我应该将历史数据分解为单独的“历史”表,并仅将当前数据保存在“活动”表中。

If so, how do I best do that? With a trigger that automatically copies the data to the history table? Or with logic in my application?

如果是这样,我该如何做到最好?使用触发器自动将数据复制到历史表?或者我的应用程序中有逻辑?

Update per Welbog's comment:

根据Welbog的评论更新:

There will be large amounts of historical data (hundreds of thousands of rows - eventually potentially millions)

将有大量的历史数据(数十万行 - 最终可能数百万)

Primarily searches and reporting operations will be run on the historical data.

主要是对历史数据进行搜索和报告操作。

Performance is a concern. The searches shouldn't have to run all night to produce results.

性能是一个问题。搜索不应该整夜运行以产生结果。

2 个解决方案

#1


8  

If the requirement is solely for reporting, consider building a separate data warehouse. This lets you use data structures like slowly changing dimensions that are much better for historical reporting but don't work well in a transactional system. The resulting combination also moves the historical reporting off your production database which will be a performance and maintenance win.

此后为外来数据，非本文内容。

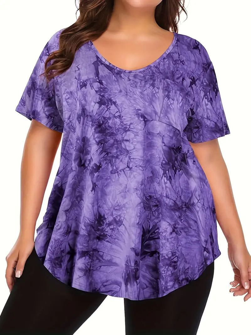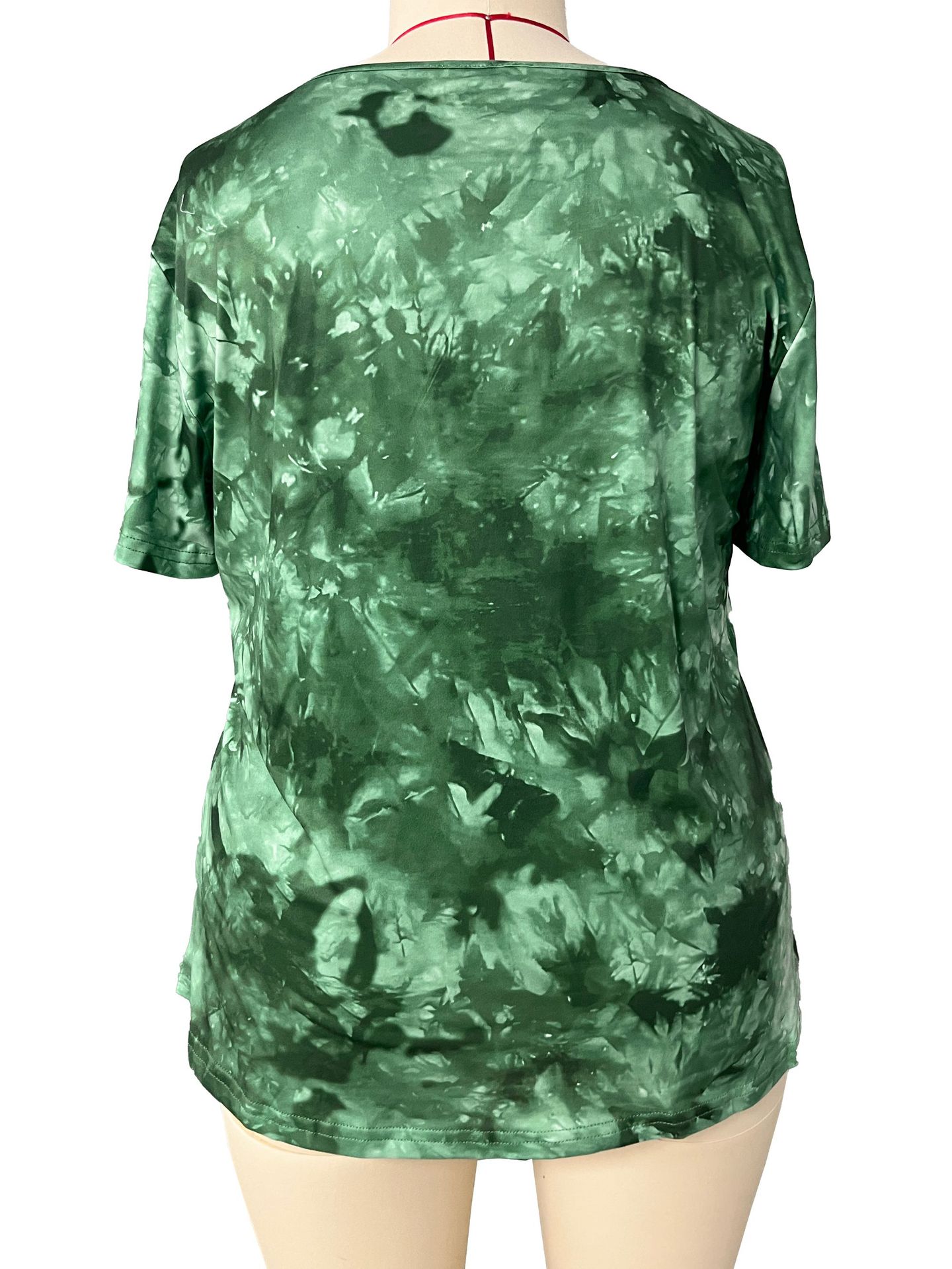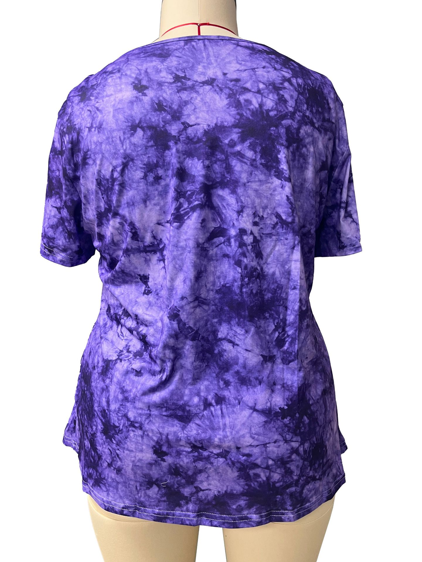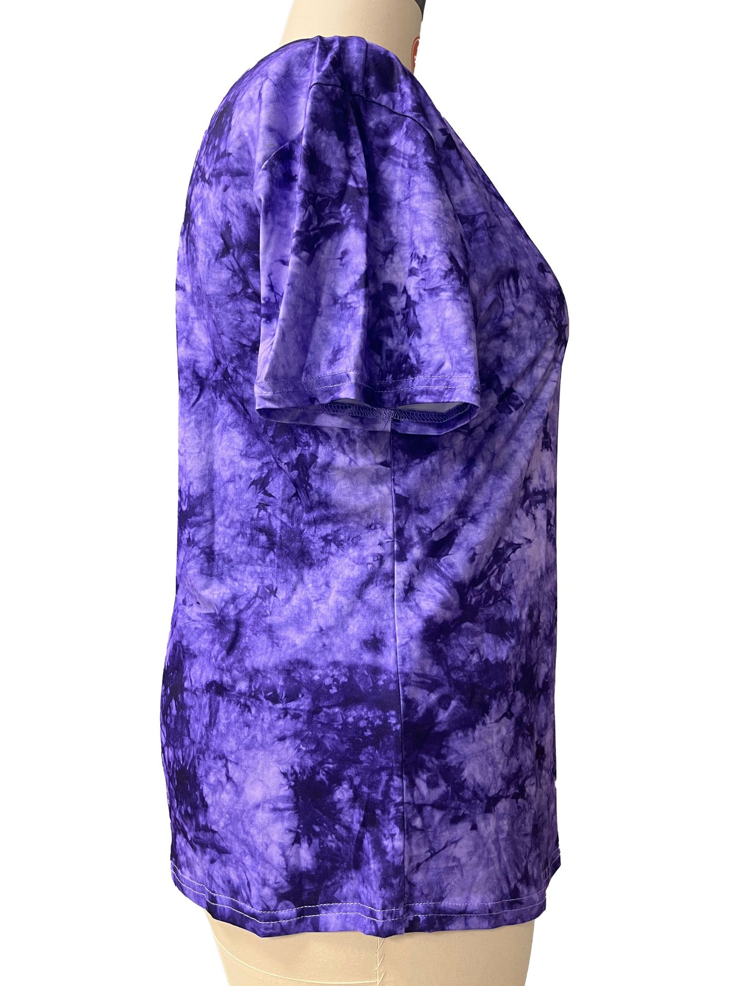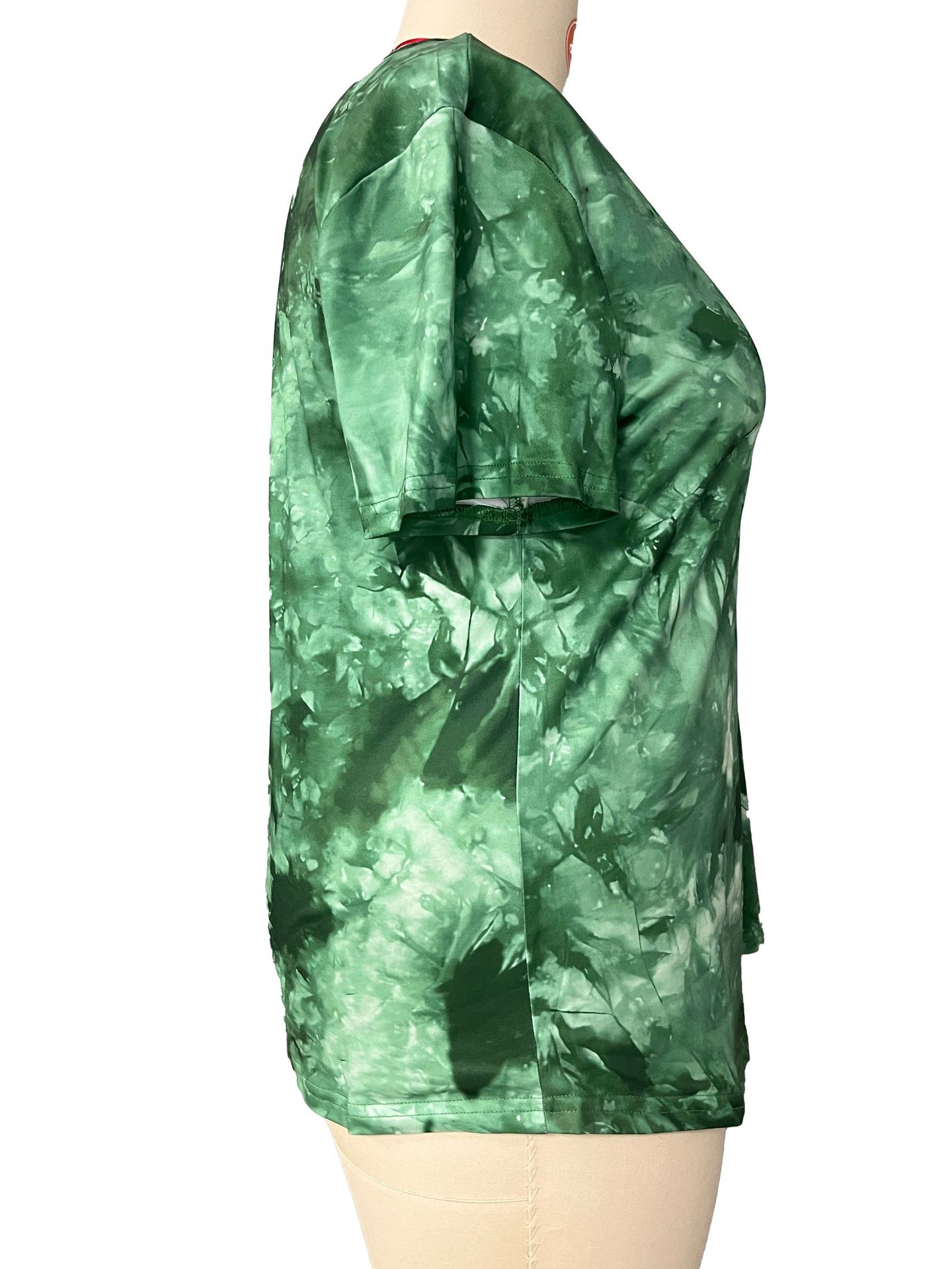 2025 Amazon 크로스보더 여름 패션 V 넥타이 포켓 타이 염색 플러스 사이즈 여성 티셔츠 포켓이 있는 반팔 탑

如果要求仅用于报告,请考虑构建单独的数据仓库。这使您可以使用数据结构,例如缓慢变化的维度,这些数据对历史报告更好,但在事务系统中不能很好地工作。由此产生的组合还会将历史报告从生产数据库中移除,这将是性能和维护的胜利。

If you need this history to be available within the application then you should implement some sort of versioning or logical deletion feature or make everything fully contra and restate (i.e. transactions never get deleted, just reversed out and restated). Think very carefully about whether you really need this as it will add a lot of complexity. Making a transactional application that can reconstruct historical state correctly is considerably harder than it looks. Financial software (e.g. insurance underwriting sytems) fails to do this a lot more than you might think.

如果您需要在应用程序中使用此历史记录,那么您应该实现某种版本控制或逻辑删除功能,或者使所有内容完全反对并重新进行(即事务永远不会被删除,只需撤消并重新进行重述)。仔细考虑是否真的需要它,因为它会增加很多复杂性。制作可以正确重建历史状态的事务性应用程序比看起来要困难得多。财务软件(例如保险承保系统)未能比您想象的那么多。

If you need the history solely for audit logging, make shadow tables and audit logging triggers. This is much simpler and more robust than trying to correctly and comprehensively implement audit logging within the application. The triggers will also pick up changes to the database from sources outside the application.

如果您只需要历史记录用于审计日志记录,请创建影子表和审计日志记录触发器。与在应用程序中正确和全面地实现审计日志记录相比,这更加简单和强大。触发器还将从应用程序外部的源中获取对数据库的更改。

#2


2  

This question goes along the line of Business Logic. Know your business requirements first then start from there. A Data Warehouse is a nice solution for this kind of situation. ETL will give you lots of options in dealing with data flows. Your basic concept of 'History' vs 'Active' is quite correct. Your history data will be more efficient and flexible if kept in a data warehouse with all their dimension and fact tables.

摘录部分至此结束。